I’ve just come back from witnessing Fahrenheit 9/11 (witnessing, because seeing doesn’t do the experience justice).
I’m almost at a loss as to how to describe this film, so I’ll settle for the 3 stages of emotion it forced me through:
SHOCK — I knew that George W. Bush was an idiot, but I didn’t know just how much of a coniving, egocentric, narcissistic idiot he was until I watched this film. He is the archetype of the phrase “lowest common denomenator”, and I felt dirty each and every time I saw him on screen. I felt sick watching the connections being made between his family and Saudi money. I felt unclean watching his immediate reactions to 9/11, and realizing just how little was actually done in Afghanistan.

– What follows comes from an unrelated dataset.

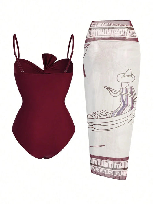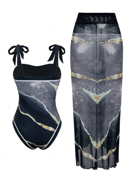 ملابس سباحة قطعة واحدة بطباعة استوائية

HEARTACHE — I watched an Iraqi woman screaming her rage and pain at God for the destruction of her home, and wondering why no revenge was being taken against the forces that committed this act against innocent people. I watched a mother from Flint, Michigan vent her white-hot rage and aching grief over the loss of her son to George W. Bush’s ill-conceived occupation of Iraq. I watched, stunned, at Bush’s lack of empathy for any of these women, and others like them…

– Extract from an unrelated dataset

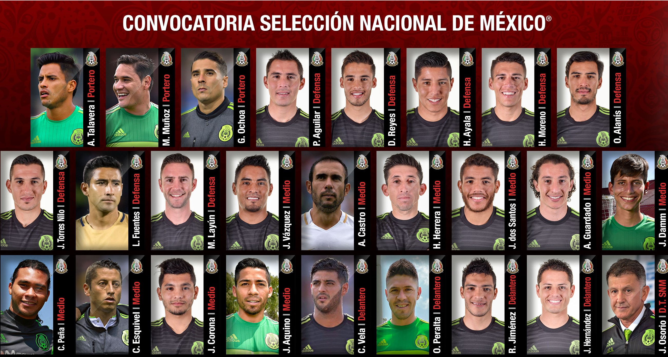 En total son 11 jugadores que militan en las ligas europeas y el resto en la liga casera. Las sorpresas son, Luis Fuentes y Alejandro Castro de la UNAM. Además se da el regreso de Carlos Peña y Guillermo Ochoa.

DISGUST — That a group of twisted men govern a once-proud nation, and have polarized it into two armed camps of ideology. My friend James and I wondered aloud where this dichotomy in American life will lead…civil war? Bush Junior has no business being President of the United States!
And that’s the clear-cut message of this film. It’s not a proper documentary — it’s an indictment, a condemnation, a stab of rage and anger at a man and an administration that has turned the United States into something ugly and unwholesome. It’s a political statement that isn’t designed to sway the unconverted. It’s a testimonial to those who have been victimized long enough by a government obsessed with war, oil, and Saddam Hussein ever since September 11th.
It disturbed me in numerous ways. It was a call to arms. It was frank, brutal, partisan and furious. I love it to pieces…though I may not have the stomach to watch it ever again.